There has been a lot of confusion on the platform, specifically relating to the challenges, on how and when to combine factors. Tl;dr: a non-additive combination of factors of different styles or data sources is highly encouraged. However, we prefer to do additive combinations of factors of different styles ourselves.
Let's say you are building a factor for our insiders challenge. It's okay to submit a factor that is the aggregate of individual factors. But, as the rules state, all individual factors need to be based on insider data. However, this does not mean that insiders is the only data source you are allowed to use for your factor.
So then, could you have a factor that uses multiple data sources — insider and estimates, for example? The answer to that question depends on how you combine them. If the combination is additive (like an average or weighted average of the two), then no, because that's like combining two different factors with assigned weights — it would not be "pure" anymore. In the extreme case, you could just set the weight of the insider contribution to 0.001, fulfill the technical criteria of having an insider-based factor but its contribution is effectively zero. If, however, your combination of these data sources is non-additive with an economic rationale (like an if-else statement, or an interaction) then combination is strongly encouraged. For example, if you think that if insider and estimate sentiments disagree it is predictive, then that is an interaction with economic rationale because you would multiply (rather than add) the positive insider and negative estimate sentiments to measure the divergence between insider and estimate sentiments. This is a type of legitimate alpha that does not come from diversification but from an insight you had — it would be difficult to recreate your factor by just combining an insider and estimates factor together.

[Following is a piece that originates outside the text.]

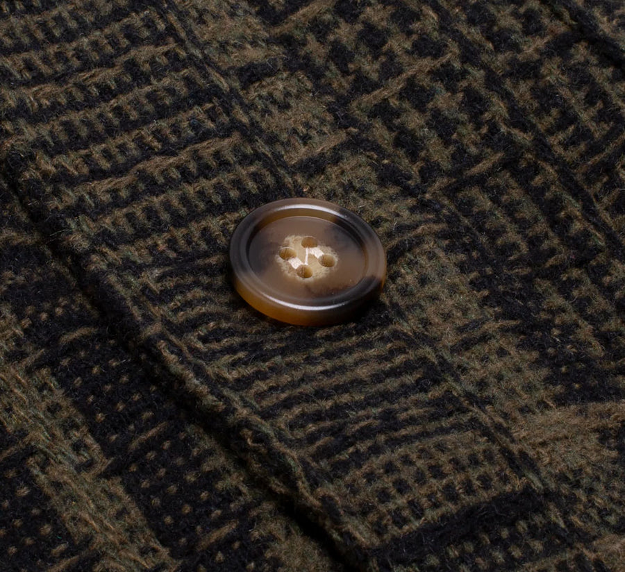 Large 4-Hole Horn Buttons at Center Front.
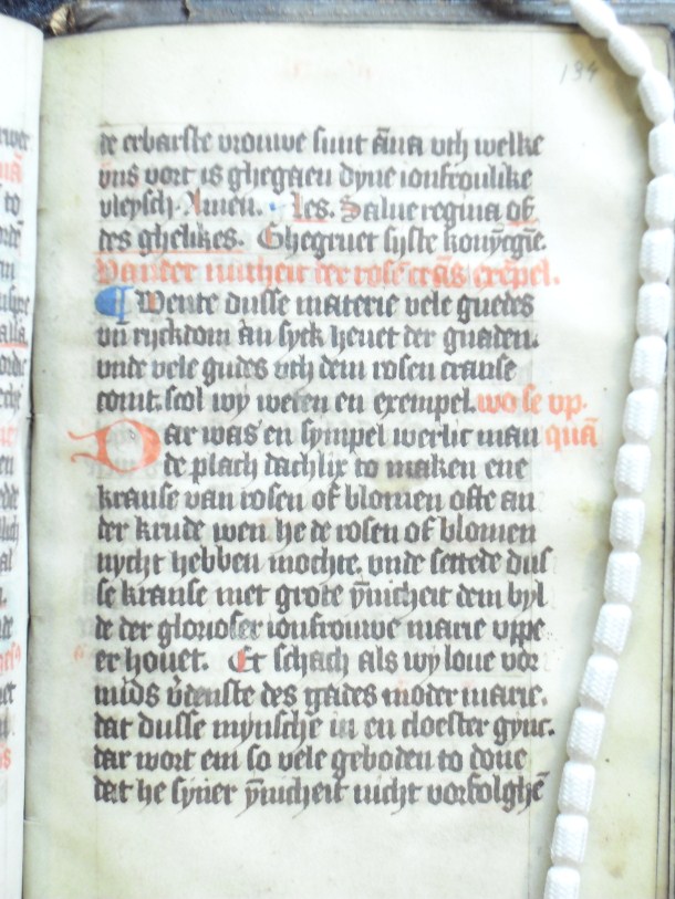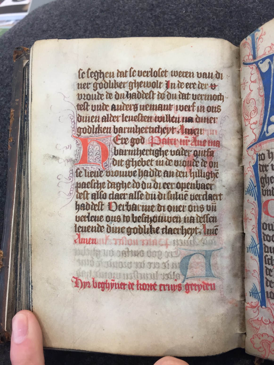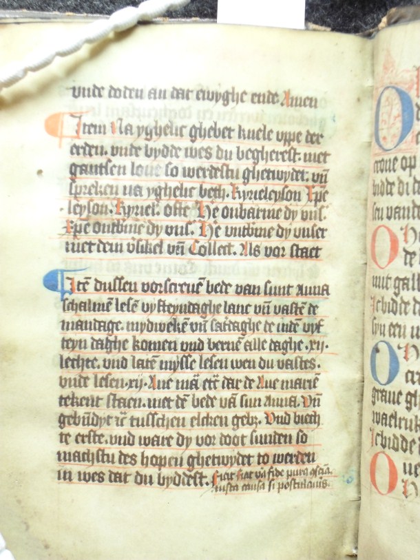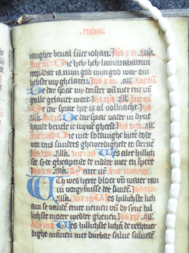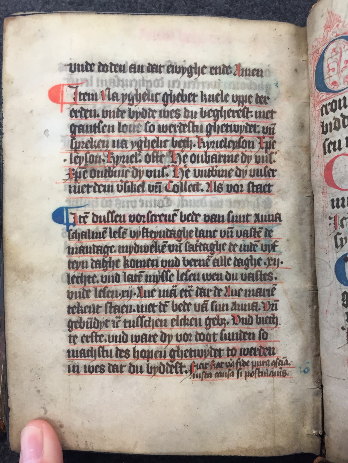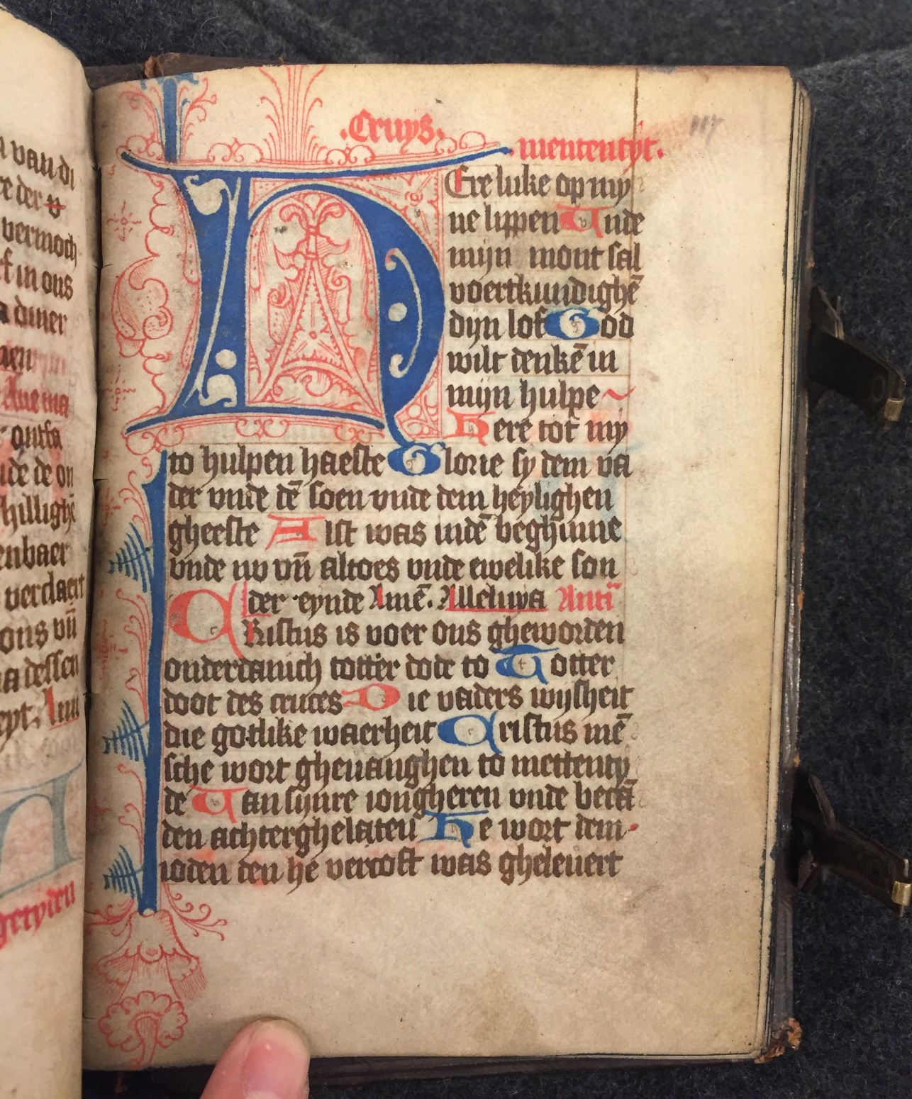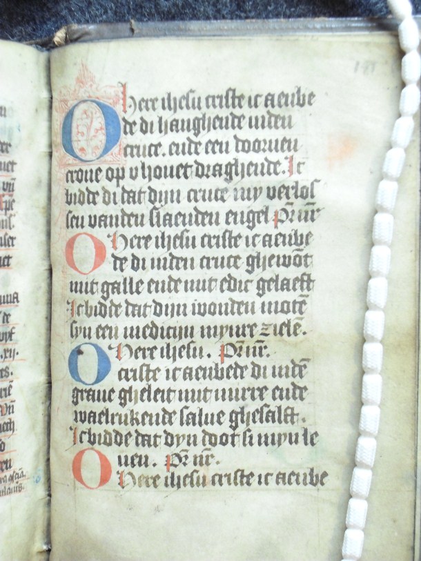 Een gebeden- en getijdenboek uit het noord oosten van de Nederlanden (in het Middel-Nederlands). Gedateerd door Gumbert in het laatste kwart van de 15de eeuw. De getijden lopen van f. 1 t/m 116 en de gebeden van 117 t/m 145. Het handschrift op perkament, heeft enkele fraaie initialen in blauw en goud, telt één miniatuur ...

In the end, we would like to emphasize that this post is not to suggest you brute-force non-additive ways to combine data sources without economic rationale. How to combine different data sources should always serve your alpha ideas.
If you then have multiple of these insider factors (that are either based on insiders data alone or on non-linear combinations of insiders and other data sources) it is fine to combine these additively, because they are all insider-based (same style) and you'll have one, diversified insider factor.